The primary hazard is getting the wider wheels pressed into flangeways so tightly that they cannot be withdrawn. Then if the person riding in the device is unable to leave it due to a physical disability, they may be struck by a train unless help arrives in time.
The problem can be avoided if the user crosses perpendicular to the track, however, lapses in that requirement are inevitable since the devices have zero turn attributes and the user is accustomed to using this ability for navigating various obstructions. They will be far more accustomed to impulsive sharp turns than they are to the admonition to cross grade crossings at right angles; especially when the need to do so is completely unapparent without practical experience.
Also, the lead wheels are typically on casters, and even a slight range of zero-turn application will immediately turn the casters at right-angles to the direction of travel. If this happens as the casters are about to cross a flangeway, it aligns the casters to drop into the flangeway.
Also, the casters are easily unintentionally rotated by minor obstructions in the path of travel.

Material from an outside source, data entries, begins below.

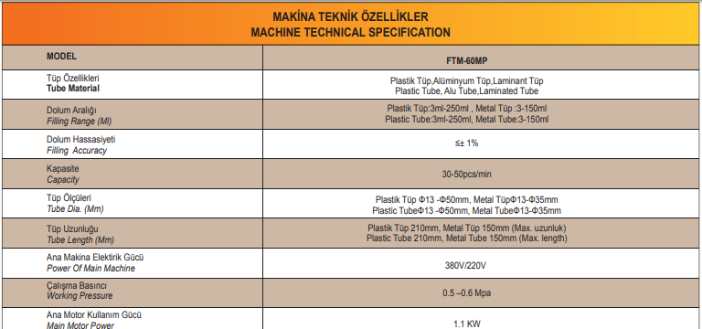 Otomatik Tüp Dolum ve Kapatma Makinası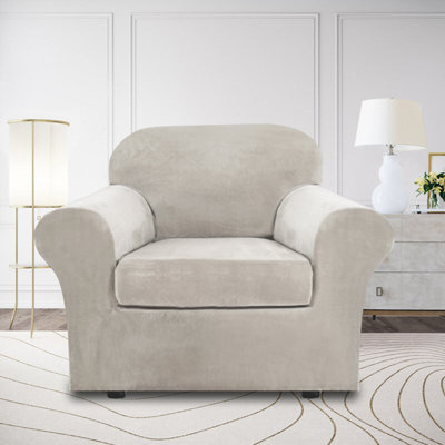 Rich Velvet Stretch 2 Pieces Box Cushion Armchair Slipcover with 1 Cushion Cover Furniture Protector Couch Machine Washable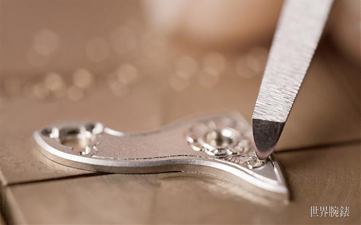 最能体现时计精美绝伦的莫过于内敛出色的细节。这也是收藏家欣赏表款的第一步:观察表桥和槓桿的内角。如果其棱角分明且线条笔直,不容置疑这必定是手工打磨的结果,因为只有人手才能进行这样笔直的打磨操作以达到这种效果。如果内角圆润,便证明这是机器操作。朗格的修饰工匠使用一种铅笔形的硬金属工具打磨内角。他们完全以手工切割和修饰这些内角。

Since the flangeway is a major obstruction to a caster, the flangeway alone poses the risk of accidentally rotating the caster ninety-degrees so its wheel is paralle
This is a cute treatise but it fails to address the #1 issue with flangeway fillers since the Lord proposed them to Noah: what about flanger operation?
About the best I have come up with in a great deal of time is very precise GPS beaconing that can raise and lower flanger cutters at these crossings, for example via a high-accuracy version of that grade-crossing location app that has now disappeared; or some kind of ramp analogous to those used for some kind of steam-locomotive water scoop that trip retract when encountered … I don’t agree with automatic re-extension but professionals may laugh at me for that.

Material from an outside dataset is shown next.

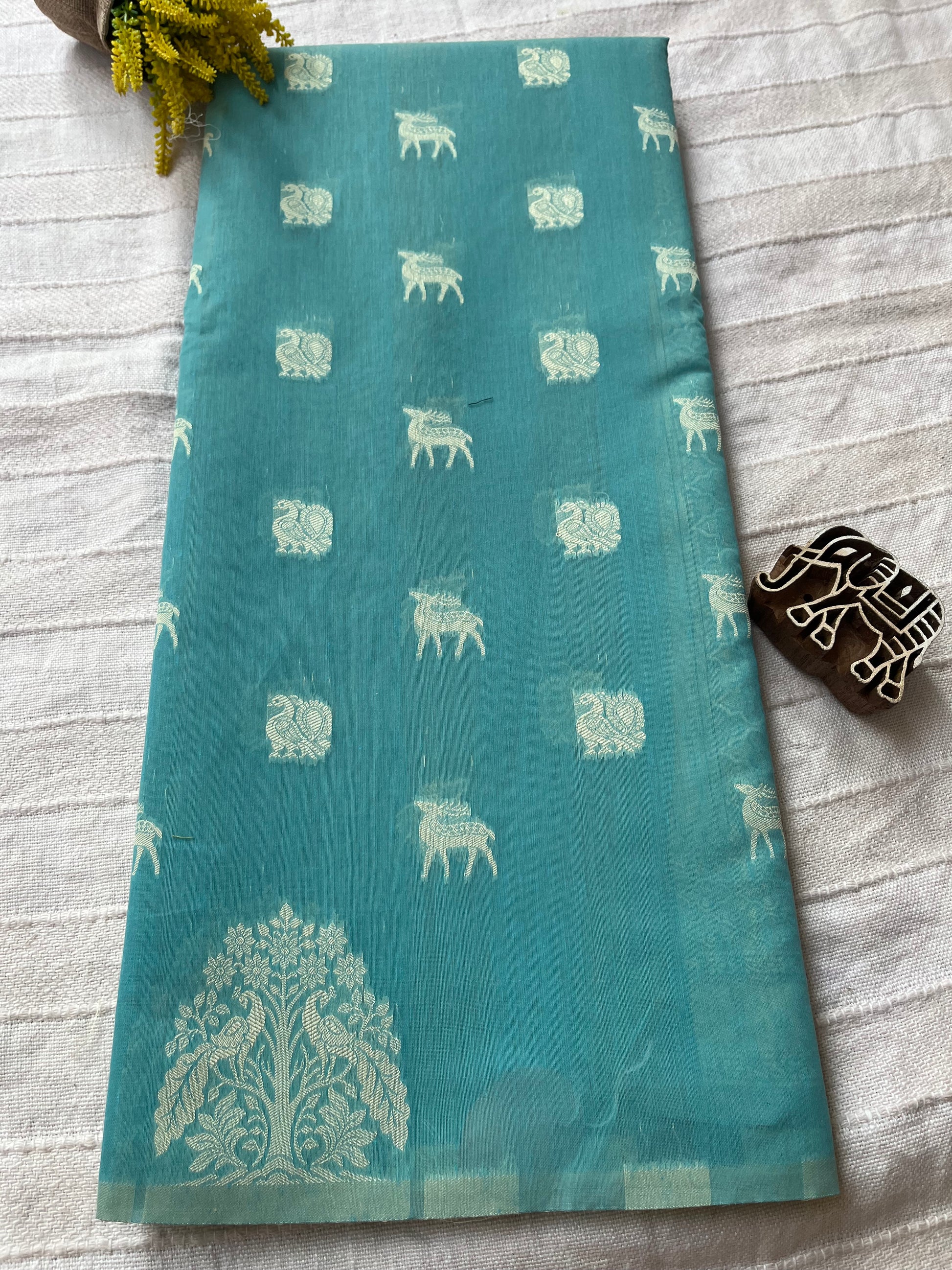 Mercerised Cotton Saree with Dear & Peacock Weaving - Aqua Blue

I also toyed with the idea of a relatively large-diameter sectional wheel, in place of a straight flanger cutter, that would break up and expel ice from the gap, but just press down full-height elastomer fillers – didn’t some sleet cutters work a comparable way? In constant running these would dress the gauge face of the rail continuously and by extension even ‘pickable’ facing points without throwing them open…
Maybe I misunderstand your point, but to my knowledge, flangers have no ability to run through a grade crossing and clean out the flangeways. Flangers are intended to cut snow below the cut bottom of a snow plow pass which is maybe 3-6” above the top of the rail. Then a flanger is run to cut more snow out to a lower elevation to about 3-5” below the tops of the rails. The flanger blade is notched out at each rail location so it can cut below the top of the rail elevation along the outside of the rails and in between them.

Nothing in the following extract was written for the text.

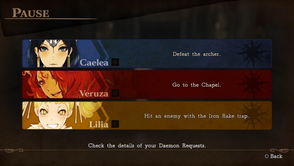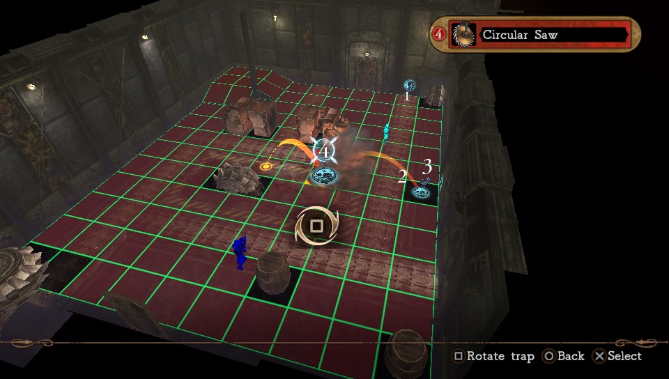 Tereny, po których przyjdzie się poruszać córce diabła składają się z kilku, połączonych korytarzami, pomieszczeń. W każdym z nich należy zastawić pułapki tak, by zakończyły żywoty przeciwników w jak najbardziej skuteczny sposób. Przy ustawianiu zasadzki trzeba uwzględniać zróżnicowanie oponentów. Przy wejściu każdego z nich pojawia się krótka scenka, podczas której, po naciśnięciu

While snow plows can pass right over a grade crossing just like on the rest of the track, flangers must be raised in order to pass over a grade crossing. Otherwise, it will snag the crossing planks and tear them out or it will derail the flanger and probably the locomotive pushing it.
This is why there is a flanger sign posted on both sides of every grade crossing. It is to tell the flanger operator to raise the blade to clear the height of the crossing. Flangers must also be raised for other features such as switches, railroad crossings (diamonds), guard rails and tie spacing timbers on bridges and trestles, and anything else that is built up higher than the tops of the ties.
But to the point of flangeway fillers or railseals interfering with ice removal, I have read the manufacturer’s claims that flangeway fillers and railseals actually eliminate the ice accumulation problem with grade crossing flangeways.
What I meant is that extraordinary care, discipline, and ‘situational awareness’ are necessary wherever flanging is necessary to clear packed snow and ice out of ‘flange clearance’ areas, likely complicated because of the need in unimproved crossing flangeways - almost a what-is-not-forbidden-is-mandatory thing. And this likely being the case for a particular line until ALL its crossings have been fully ‘top-fillered’…
Either very precise location or very careful vigilance is needed as even one ‘miss’ involves potentially huge consequences. Not so much in absolute safety, but in rapid-response costs to ‘remediate’ what gets torn up or torn out if there is one little slip…
We have enough problems with derailments caused by obstructed flangeways. Good luck convincing the railroads and regulators to deliberately put stuff in them.
There are numerous flangeway filler designs out there from different companies all over the world. The hazards are just an excuse to spend nothing and do nothing. Here are just a few.
There must be some reason why fillers are so resisted on here, even though many are around and in use on major US railroads even in norhtern Illinois which has plenty of snow and ice. No derailments at crossings with fillers here. Perhaps out-of-date thinking?
Perhaps the difference between Main Line trains at track speeds of up to 79 MPH, or in some cases more and secondary lines and industrial spurs being operated on at Restricted Speed.
Some form of the shallow flangeway type must be what the UP is using at five or more crossings in my town. The mainline is three tracks and many heavy freight trains plus Metra daily. It’s one of the busiest spots in the US for freight. No derailments.
This poster is confused. I have observed on street car and light rail lines what appears to be a metal U shaped flangeway bolted to the guage side of rails . On the inside of the 2 rails the pavement is completely filled with concrete or asphalt. Would that be more expensive but more permanent ?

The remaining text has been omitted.